Data
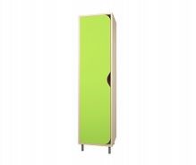 Шкаф для одежды детский одно секционный предназначен для раздевалок дошкольных учреждений. Изготовлен из ЛДСП 16 мм ,все торцы обработаны кромкой ПВХ . Внутри оборудован полочкой для верхних головных уборов, двумя крючками для одежды. Стоит на закрепленных регулируемых хромированных опорах.Кромка фасада и корпус шкафа исполняется в цвете молочный дуб. Дверь шкафа имеет выемку для руки, что позволяет легко открывать дверь ребенку и исключает возможность травмироваться ручкой. Вся продукция сертифицирована.
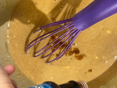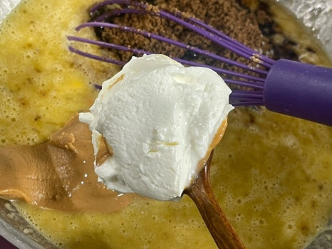 바나나와 계란을 섞은 반죽에 마스코바도 설탕60g, 소금2g, 땅콩버터100g, 코스트코 프로마쥬블랑치즈50g, 바닐라에센스1tsp를 넣어 준 뒤 뭉친 부분 없도록 잘 섞어 주세요.
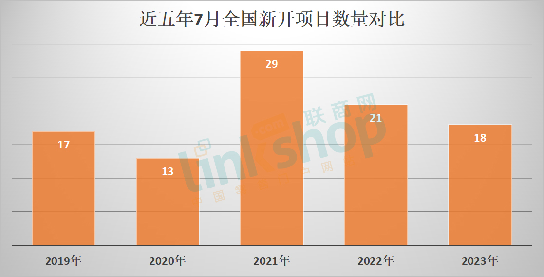 繼6月火爆開出34個商業(yè)項(xiàng)目后,7月份全國僅有18個商業(yè)項(xiàng)目入市,環(huán)比下降47%,可謂相當(dāng)平淡;同比2022年7月份的21個商業(yè)項(xiàng)目,下降了約14%。

Task directions
Every line above is to be reproduced verbatim, and the pictures are to be omitted.

Response to the task
 Шкаф для одежды детский одно секционный предназначен для раздевалок дошкольных учреждений. Изготовлен из ЛДСП 16 мм ,все торцы обработаны кромкой ПВХ . Внутри оборудован полочкой для верхних головных уборов, двумя крючками для одежды. Стоит на закрепленных регулируемых хромированных опорах.Кромка фасада и корпус шкафа исполняется в цвете молочный дуб. Дверь шкафа имеет выемку для руки, что позволяет легко открывать дверь ребенку и исключает возможность травмироваться ручкой. Вся продукция сертифицирована.
 바나나와 계란을 섞은 반죽에 마스코바도 설탕60g, 소금2g, 땅콩버터100g, 코스트코 프로마쥬블랑치즈50g, 바닐라에센스1tsp를 넣어 준 뒤 뭉친 부분 없도록 잘 섞어 주세요.
 繼6月火爆開出34個商業(yè)項(xiàng)目后,7月份全國僅有18個商業(yè)項(xiàng)目入市,環(huán)比下降47%,可謂相當(dāng)平淡;同比2022年7月份的21個商業(yè)項(xiàng)目,下降了約14%。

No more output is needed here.